### Data segment
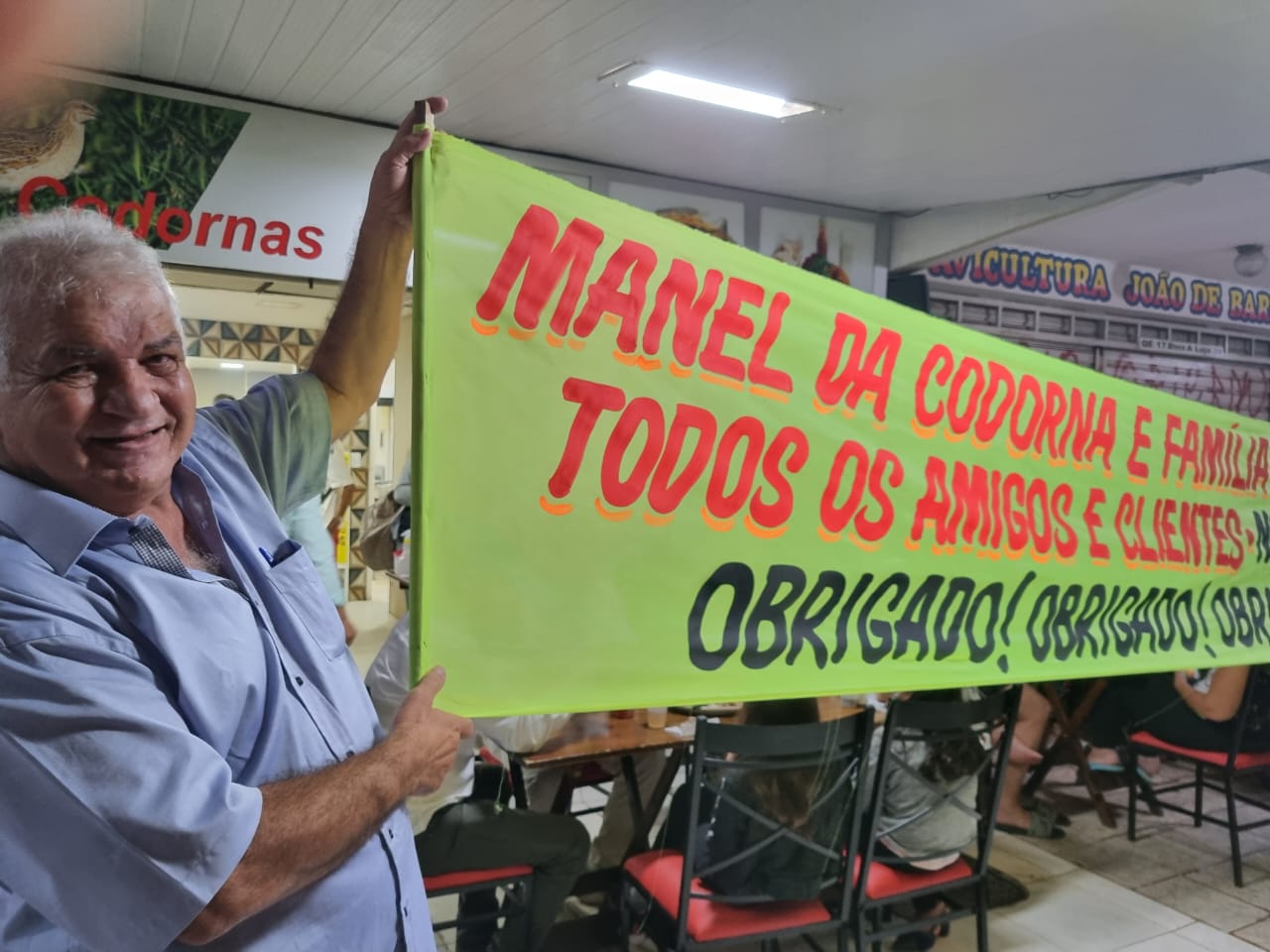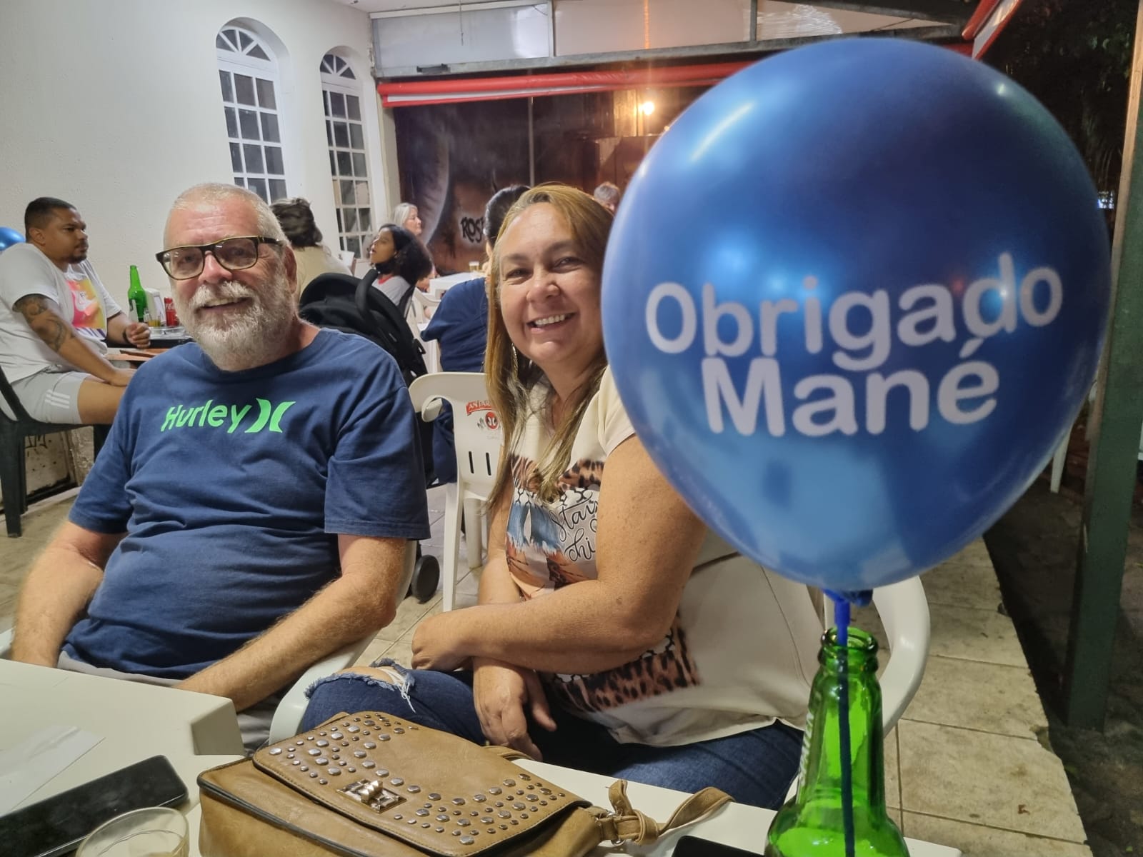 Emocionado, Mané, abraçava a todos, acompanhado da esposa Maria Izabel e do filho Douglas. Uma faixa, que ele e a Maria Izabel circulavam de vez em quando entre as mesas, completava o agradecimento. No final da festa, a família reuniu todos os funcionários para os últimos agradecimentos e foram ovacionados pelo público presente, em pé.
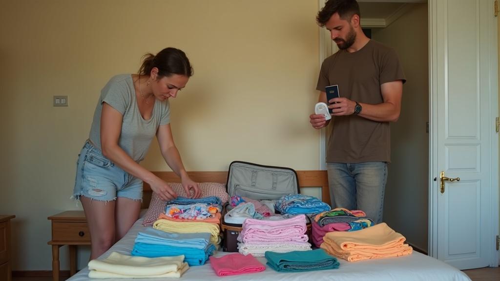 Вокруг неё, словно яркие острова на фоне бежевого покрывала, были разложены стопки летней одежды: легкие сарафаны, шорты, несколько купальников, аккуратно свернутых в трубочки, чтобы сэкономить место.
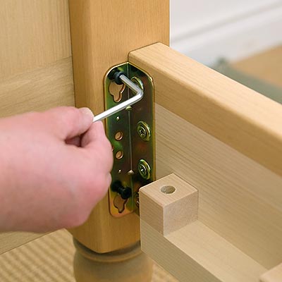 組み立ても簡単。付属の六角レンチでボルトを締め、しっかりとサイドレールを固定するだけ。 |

### Exercise
Only an exact copy is needed: the lines from the opening of the listing through the line with "Вокруг неё, словно", both included, minus the pictures.

### Answer
 Emocionado, Mané, abraçava a todos, acompanhado da esposa Maria Izabel e do filho Douglas. Uma faixa, que ele e a Maria Izabel circulavam de vez em quando entre as mesas, completava o agradecimento. No final da festa, a família reuniu todos os funcionários para os últimos agradecimentos e foram ovacionados pelo público presente, em pé.
 Вокруг неё, словно яркие острова на фоне бежевого покрывала, были разложены стопки летней одежды: легкие сарафаны, шорты, несколько купальников, аккуратно свернутых в трубочки, чтобы сэкономить место.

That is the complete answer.